Thursday, October 02, 2003

Whither Marshall?

As we talked about yesterday, Congressman Jim Marshall (D-GA) has been complaining that the press and politicians are hurting our efforts in Iraq. Let's look a couple of his arguments again.

We not only need Iraqi tips and intelligence, we need Iraqis fighting by our side and eventually assuming full responsibility for their internal security. But Iraqis have not forgotten the 1991 Gulf War. America encouraged the Shiites to rebel, then abandoned them to be slaughtered. I visited one of the mass graves, mute testimony to the wisdom of being cautious about relying on American politicians to live up to their commitments...

Instead of being negative about Iraq, Democratic presidential candidates should emphasize the positive aspects of their own plans for Iraq. Save the negative attacks for the issues of jobs and the economy.

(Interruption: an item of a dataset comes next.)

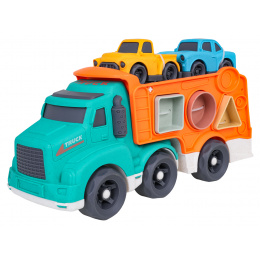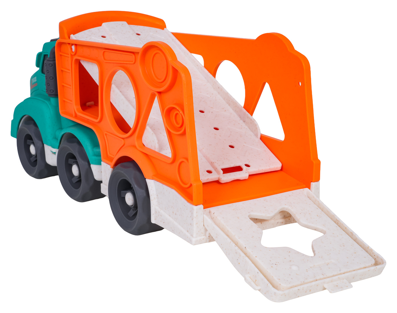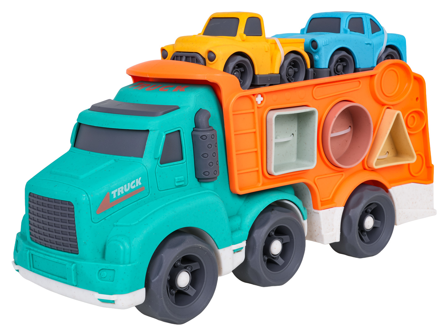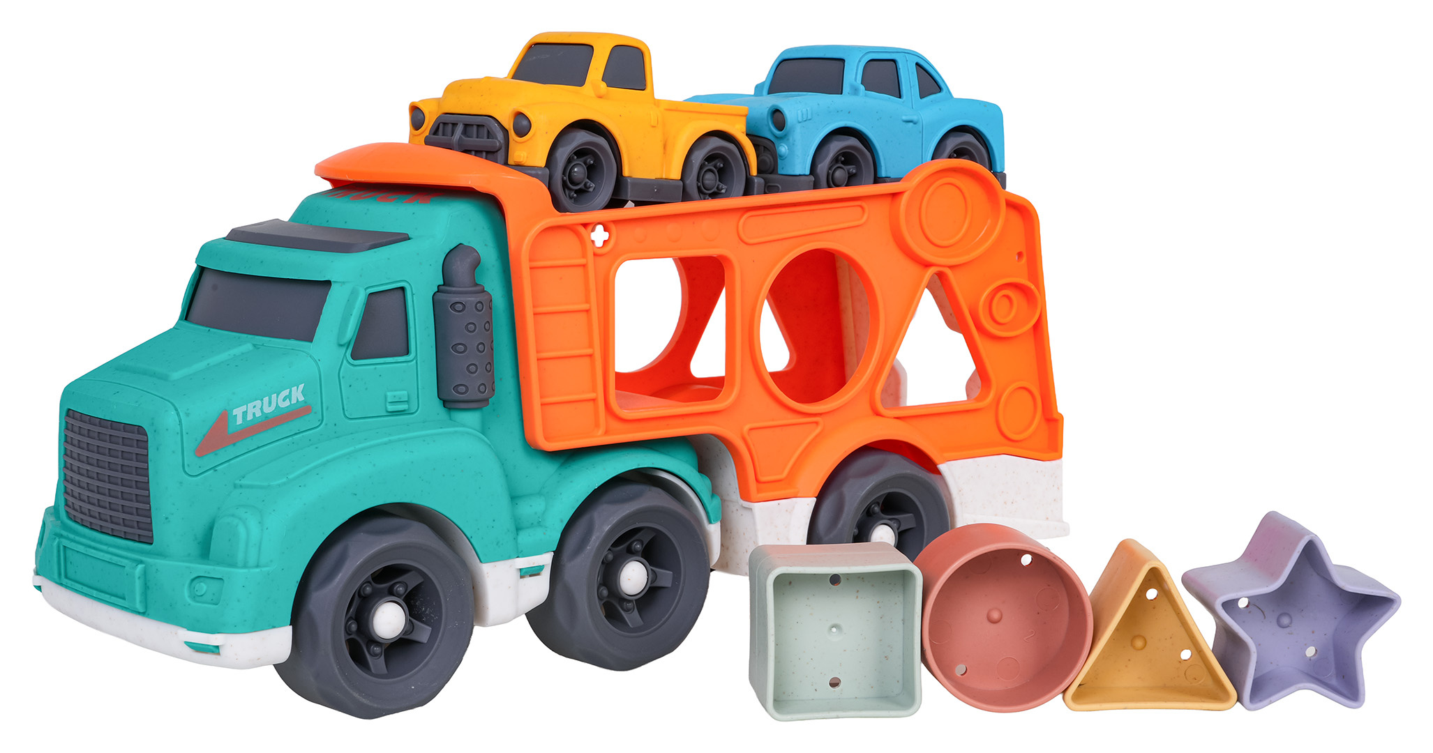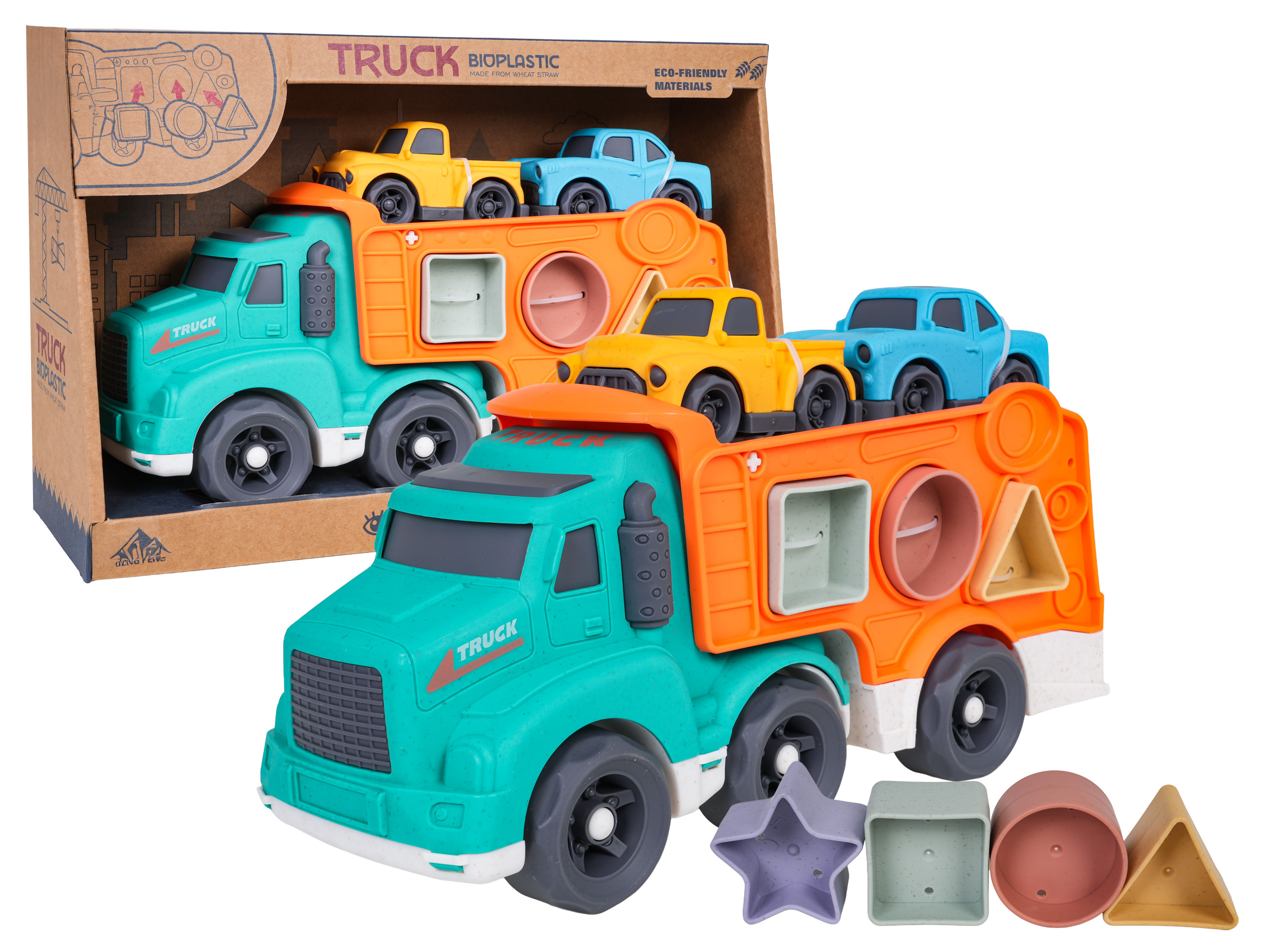 Sada odtahovka, vozidla, třídič vyrobený z bioplastu pro děti od osmnáctého měsíce života. Sada se skládá z vozidla a velkého přívěsu, po jehož stranách je třídič tvarů, kostky a 2 autíčka. Eko-materiál je bezpečný pro děti a šetrný k životnímu prostředí. Vozidla jsou barevná, odolná a odolná proti poškození. Přívěs můžeme odpojovat od vozidla. Ideální hračka do domu i na ven.

Iraqis are far less likely to support the coalition effort if they think America might withdraw following the 2004 election.

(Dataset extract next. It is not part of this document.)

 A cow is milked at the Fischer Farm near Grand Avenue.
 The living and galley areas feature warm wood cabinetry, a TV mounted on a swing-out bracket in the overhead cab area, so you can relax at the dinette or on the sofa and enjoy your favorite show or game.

While he's got a basically good point, I don't think anyone besides Kucinich (who, let's face it, isn't going anywhere near 1600 Pennsylvania Avenue) has suggested that we simply withdraw from Iraq. The other Dems have simply stated that Bush's administration has been stupid in handling the war and they would be better. That's it. (And you'd think a Democrat would at least point out that it was the previous Bush administration who "abandoned" the Shiites "to be slaughtered.")

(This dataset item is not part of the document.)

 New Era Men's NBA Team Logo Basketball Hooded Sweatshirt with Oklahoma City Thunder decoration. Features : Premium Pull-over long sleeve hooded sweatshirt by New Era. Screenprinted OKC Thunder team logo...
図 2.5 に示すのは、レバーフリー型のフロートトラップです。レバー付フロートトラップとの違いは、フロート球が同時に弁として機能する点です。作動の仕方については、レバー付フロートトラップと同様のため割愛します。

My question is why hasn't Marshall been as outspoken about the leaking of Valerie Plame's name to the press? As former CIA case officer Jim Marcinkowski points out, the argument against leaking is nearly identical to Marshall's argument against negative comments.

If an overseas operative is exposed, a good foreign — and perhaps very hostile — intelligence service will begin to piece together the "mosaic" of that person's life, placing many innocent and unsuspecting people in harm's way. In fact, even though very few social or ordinary contacts with people in a foreign land are intelligence- related, once an operative is exposed, everyone who has come into contact with the operative will come under scrutiny and will risk imprisonment or even death.

Even if the operative and her agents are able to escape harm, what is the comfort level for other foreign nationals who may want to work with us, knowing that at any time they could be exposed by a political actor in the U.S.? That is why someone guilty of exposing an operative faces severe criminal penalties. (Link via CalPundit.)

You see? Both arguments come down to a simple point: We can't let partisan political maneuvers damage our respectability in the eyes of those who would help us.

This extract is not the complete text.